• _Aim of the task_
Copy the lines below exactly, starting at the one with "たぬ座りのワンポイント靴下です。 つがいでやってきます。 サイズ:約23cm〜25cmサイズに対応" and ending at the one with "Milenas Font is", and leave out any picture.

• _Available records_

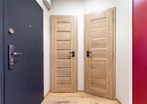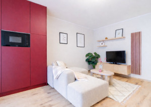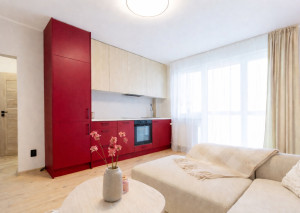 Celý byt, vrátane nábytku na mieru je ladený do elegantnej kombinácie béžovej a burgundi, čo mu dodáva nadčasový a útulný charakter.
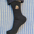 たぬ座りのワンポイント靴下です。 つがいでやってきます。 サイズ:約23cm〜25cmサイズに対応 お一人様2つまで購入可能です。 組成 : 綿、アクリル、ポリエステル、ナイロン、ポリウレタン 素材混率:コットン60%、アクリル20%、ポリエステル15%、ナイロン5% ※足底パイル仕様 ボディカラー : ブラック サイズ : 22 - 25cm/26 - 29cm 丈長 :約130mm ※5~10mmブレあり 横幅 : 約70~80mm ※お洗濯により多少の縮みが発生します。
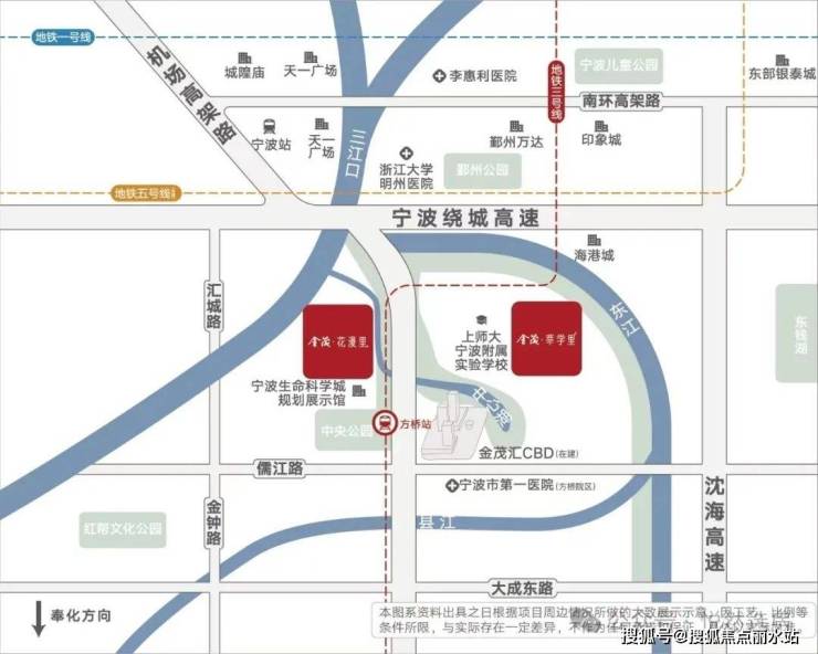 (1)直线约700米至地铁3号线方桥站,8站到南商,10站到万达,实现宁波市区半小时通勤圈;
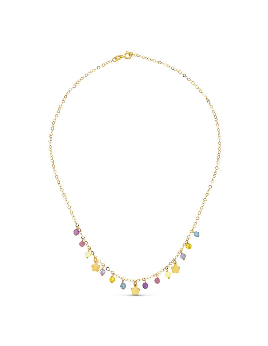 18K GARGANTILLA ORO AMARILLO FLORES Y PIEDRAS COLORES
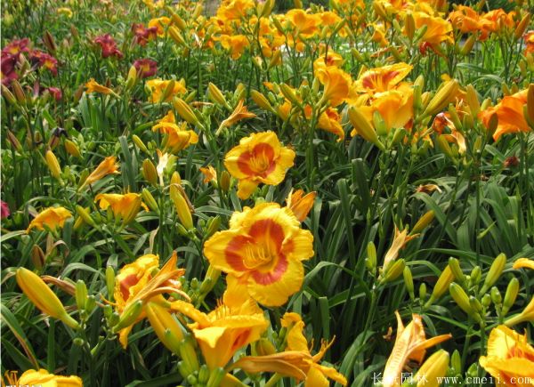 萱草,樹體高0.5~2米高左右,樹葉形狀根據(jù)種類不相同有差異,有一些很細(xì)很長,有一些比較圓,萱草花蕾顏色是增加,如國旗紅,粉紅色,鵝黃黃,粉白色等,開花的時間比較長,花量十分大,每年的是開花的季節(jié)時間段從6月上旬到8月,花種9~10月才熟,有較好的出苗水平。
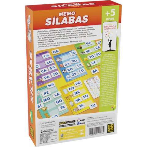 Um jogo de memoria em que a criança constrói as palavras silaba por silaba. Dessa forma, ela vai assimilando as estruturas básicas das palavras mais simples. Memoria Si-la-bas permite a criança o contato com a formação das silabas em cada palavra de forma divertida, as crianças completam suas cartelas, raciocinando sobre a relação da figura com a palavra escrita.
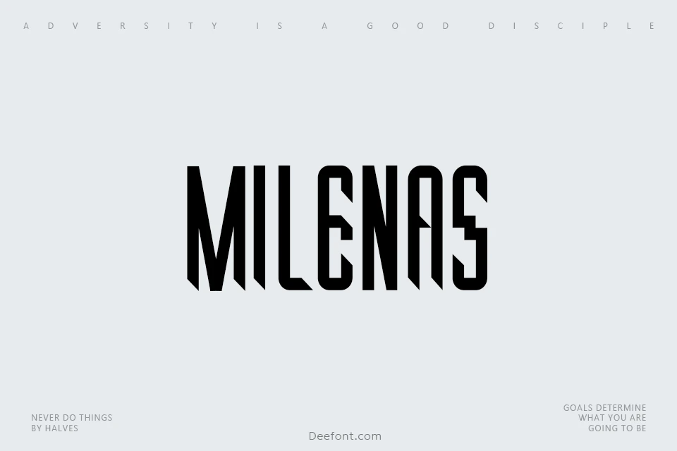 Milenas Font is a modern sans serif typeface designed for the Brutalism era, featuring a futuristic and bold look. Created by delipensil, this font is ideal for making headlines stand out, adding a bold touch to titles, and giving your designs a distinctly modern and futuristic appeal. Perfect for logo design, print media, merchandise, and digital graphics, MILENAS brings a unique edge to any creative project.
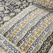 Chair Product Dimension: 32"L X 35"W X 36"H (SEAT HT: 20 1/2", SEAT DP: 21") Simplicity is the name of the game with this chair. Pops of colorful and playful lines are found, giving this chair a friendly and approachable personalitythe navy and gold accents popping against the neutral gray linenlike fabric.
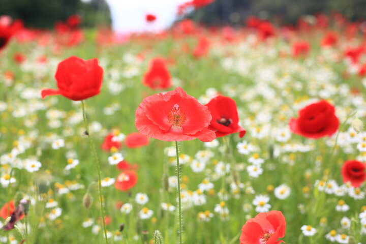 季節の花々でいっぱいになる、お花畑をのんびり散策
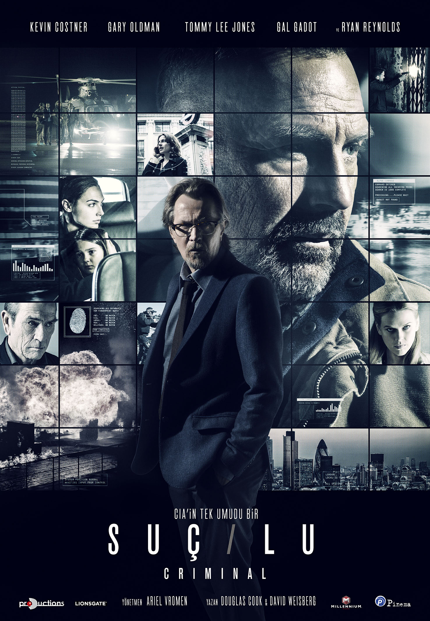 Режиссер Ариель Вромен собрал в «Преступнике» просто невероятный каст. Пожилой, но все такой же обаятельный с добрыми глазами Томми Ли Джонс, крайне востребованный и снимающийся в неплохих в последнее время фильмах Кевин Костнер, востребованный в силу молодости и внешности Райан Рейнолдс, все такой же усатый Гэри Олдман, привлекательная блондинка Элис Ив, темноволосая красотка и по совместительству восходящая звезда Голливуда Галь Гадот, а также второстепенные герои Амари Ноласко, знакомый зрителю по сериалу «Побег» и Колин Сэлмон («Обитель зла»), а также Майкл Питт и Хорди Молья.

• _Solution to the exercise_
 たぬ座りのワンポイント靴下です。 つがいでやってきます。 サイズ:約23cm〜25cmサイズに対応 お一人様2つまで購入可能です。 組成 : 綿、アクリル、ポリエステル、ナイロン、ポリウレタン 素材混率:コットン60%、アクリル20%、ポリエステル15%、ナイロン5% ※足底パイル仕様 ボディカラー : ブラック サイズ : 22 - 25cm/26 - 29cm 丈長 :約130mm ※5~10mmブレあり 横幅 : 約70~80mm ※お洗濯により多少の縮みが発生します。
 (1)直线约700米至地铁3号线方桥站,8站到南商,10站到万达,实现宁波市区半小时通勤圈;
 18K GARGANTILLA ORO AMARILLO FLORES Y PIEDRAS COLORES
 萱草,樹體高0.5~2米高左右,樹葉形狀根據(jù)種類不相同有差異,有一些很細(xì)很長,有一些比較圓,萱草花蕾顏色是增加,如國旗紅,粉紅色,鵝黃黃,粉白色等,開花的時間比較長,花量十分大,每年的是開花的季節(jié)時間段從6月上旬到8月,花種9~10月才熟,有較好的出苗水平。
 Um jogo de memoria em que a criança constrói as palavras silaba por silaba. Dessa forma, ela vai assimilando as estruturas básicas das palavras mais simples. Memoria Si-la-bas permite a criança o contato com a formação das silabas em cada palavra de forma divertida, as crianças completam suas cartelas, raciocinando sobre a relação da figura com a palavra escrita.
 Milenas Font is a modern sans serif typeface designed for the Brutalism era, featuring a futuristic and bold look. Created by delipensil, this font is ideal for making headlines stand out, adding a bold touch to titles, and giving your designs a distinctly modern and futuristic appeal. Perfect for logo design, print media, merchandise, and digital graphics, MILENAS brings a unique edge to any creative project.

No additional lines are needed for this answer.